32nd Sunday in Ordinary Time – November 8, 2015

One of my previous pastoral assignments was a very large parish with a growing population. The northern part of the parish was composed of new neighborhoods under development. A few members of the growing population were very vocal about their desire for the Diocese to provide a new parish located in their neighborhood. When (then), Bishop Favalora grew tired of their phone calls he instructed me to establish a mission, and begin to work toward establishing a new parish.

With the help of the Chancery real estate office I located a place to rent for weekend Mass. The mission was an immediate success. We outgrew two rental locations in quick succession. Eventually, the fledgling community moved into the auditorium of a local high school, and filled it with new parishioners.

You can imagine the amount of planning and work that went into establishing first a mission, and then a parish, in a growing area with a somewhat transitory population. The mission had a Saturday Vigil Liturgy, Religious Education for school children, lay liturgical ministers and an active social life among its members.

During the first years of that mission I was contacted by an Episcopalian priest who was trying to establish a new church in the same neighborhood where my parish’s mission was located. He asked what I did to make the Catholic mission so successful; he was struggling to attract parishioners. Jokingly, I responded that Catholics have a high degree of “brand loyalty”; a Catholic parish in any growing neighborhood was bound to be successful because of the strong identification that Catholics have with their faith tradition.

Interestingly, none of the people who had been very vocal about wanting their own Catholic parish were involved in building that new community; when there was work to be done, they were not to be found. The work of building up that mission was done by people who lived in the neighborhood and had been previously involved in the parish where I was pastor. It was a small cohort of active parishioners who shifted their involvement from their home parish to the new mission.

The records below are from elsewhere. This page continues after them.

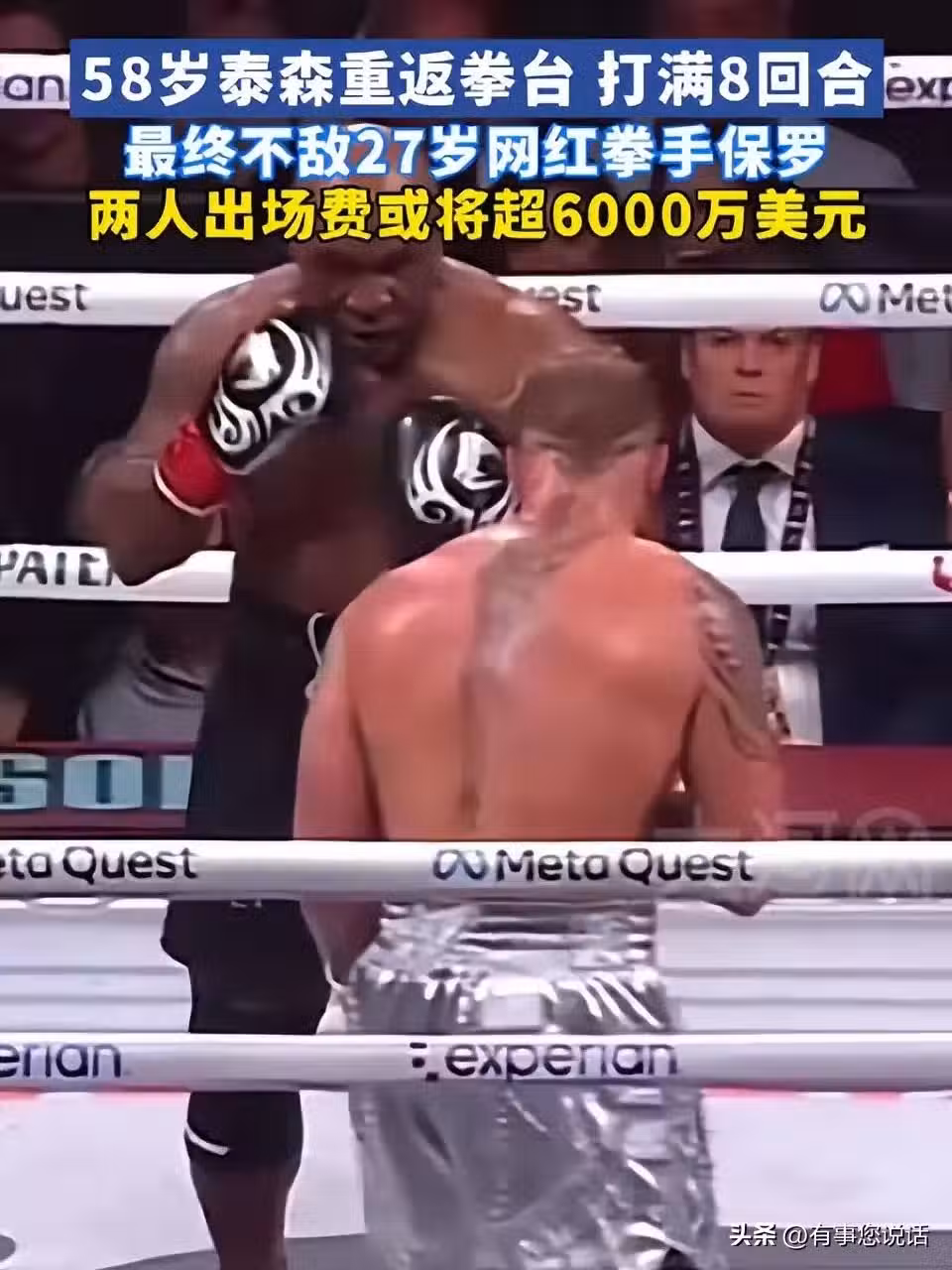 到了第二回合,兩人還是互相試探。泰森被保羅打到一下,不過保羅的組合拳也沒占到更大便宜。隨著回合增加,泰森的體力開始有點跟不上。
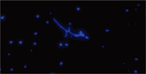 清晰、真菌(菌丝和孢子)在镜下为清晰的亮色
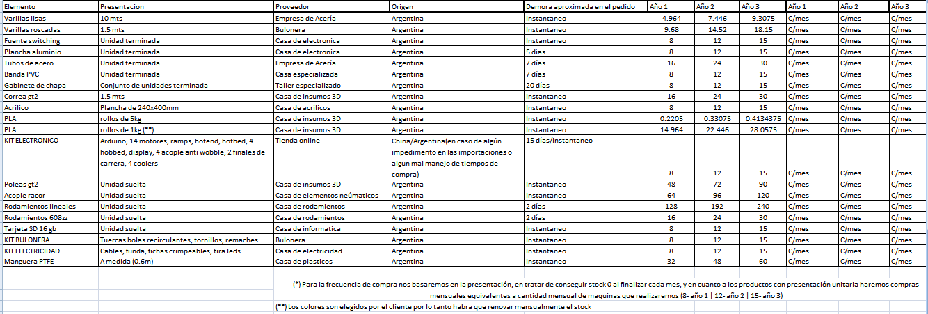 Tenemos un consumo de 700 gramos por maquina. Calculamos que por cada impresión se pierden 5 gramos de material debido a la purga que se debe realizar. Compraremos rollos de 5 kg ya que de las presentaciones que ofrecen los fabricantes es a la que mayor aprovechamiento podemos realizarle.
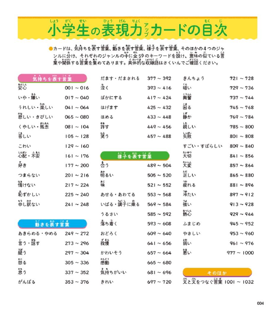 そんな人のために、『小学生の表現力アップカード1000』は文章表現に使える言葉を全1032枚のカードにしました。
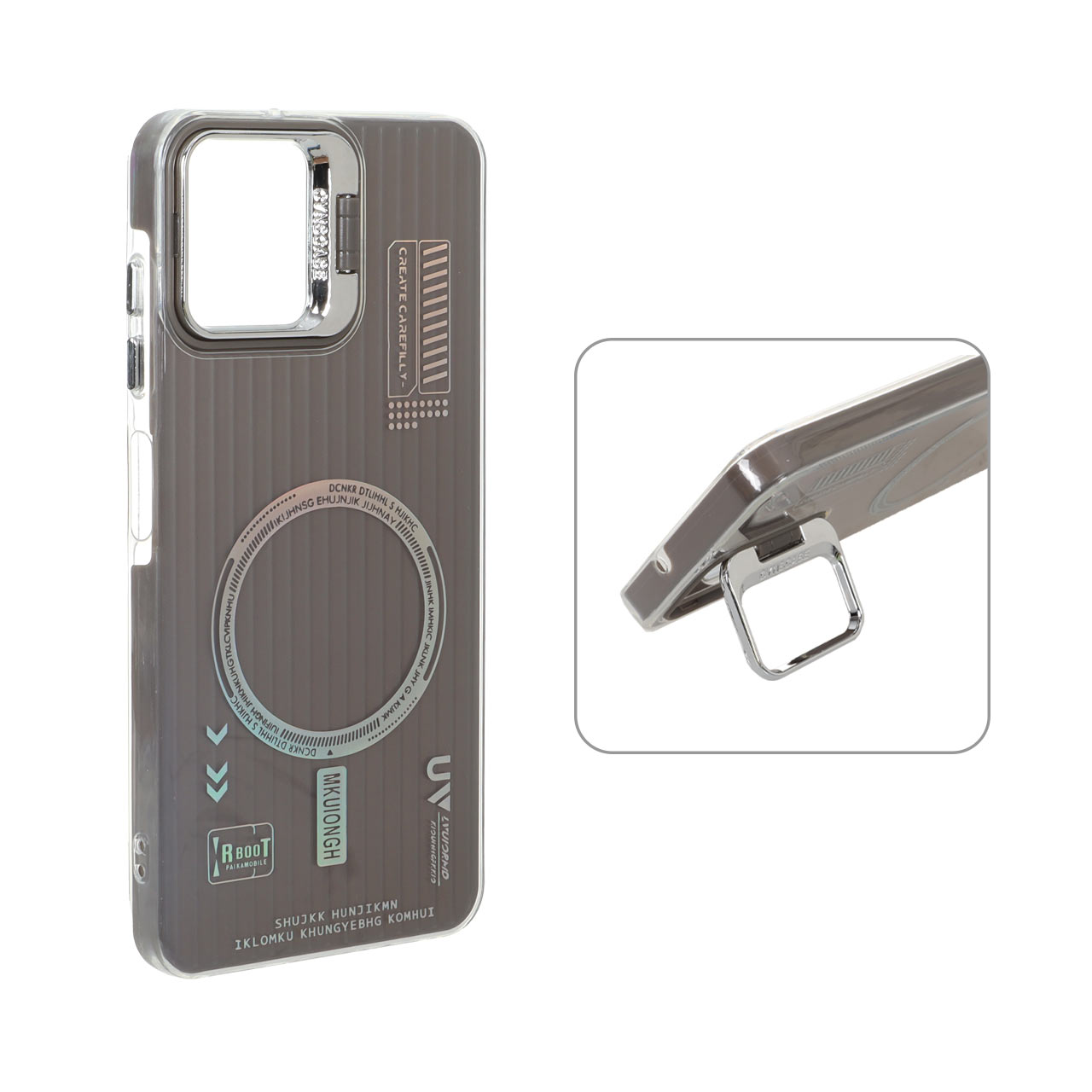 قاب Cyns Case ژله ای دو لایه RT لنز استندشو طرح مگ سیف Samsung Galaxy A06 - خاکستری

I had fun joking with the Episcopalian priest, but I felt real sympathy for him as well. He didn’t have the benefit of being supported by an established parish; he had to create a new community from nothing. It wasn’t the Catholic “brand loyalty” of those living in that growing neighborhood that made the mission a success; it was the personal faith of a few committed and active believers. This is the point that Jesus tried to make to his disciples in today’s Gospel reading.

If the widow’s action in this story in Mark’s Gospel seems imprudent to you, that’s because it was imprudent. The economy of the society in which Jesus lived was very fragile, and depended on everyone’s efforts to maintain a high degree of stability. The widow’s action of contributing “all she had” (Mark 12:44), to the Temple Treasury would have had two likely consequences: she would have become personally impoverished, and she would have caused instability in the local economy by making herself a financial burden on her family or neighborhood. What the woman did was considered a serious social sin; she had endangered the delicate balance of a subsistence economy.

Jesus marveled at her seemingly unwise behavior (Mark 12:43-44), but saw it as an apt metaphor to describe the life of a faithful disciple. There were many during Jesus’ lifetime who identified passively with their religion, but whose lives remained unchanged by their religious practices. Today’s Gospel reading began with a warning about some of the religious leadership who enjoyed the public recognition associated with devout religious practice but whose piety did not translate into even the slightest concern for those in need. (Mark 12:38-40) According to Jesus, religious practice that does not lead to interior transformation is religious practice devoid of faith.

Most of those who contributed to the Temple Treasury on this day described in the Gospel did so because they felt a certain amount of affinity to their religion and its rituals. Jesus did not criticize their loyalty to their religion, but he did point out that it was insufficient on its own. “Brand loyalty” alone is insufficient to connect us to God because God is not a product or a brand. A living faith that produces a real connection to God, and therefore a life of actual holiness and virtue, is one that results from one’s complete giving of oneself to God. Token gestures, occasional fervor or part-time interest are no more effective than having no faith at all; faith is a way of life rather than an occasional activity.

The widow contributed “her whole livelihood” (Mark 12:44) to the Temple. That wasn’t a wise financial choice, but it was an expression of real faith. What is the measure of your dedication to Jesus? Do you give token attention to Him, or have you given your whole self?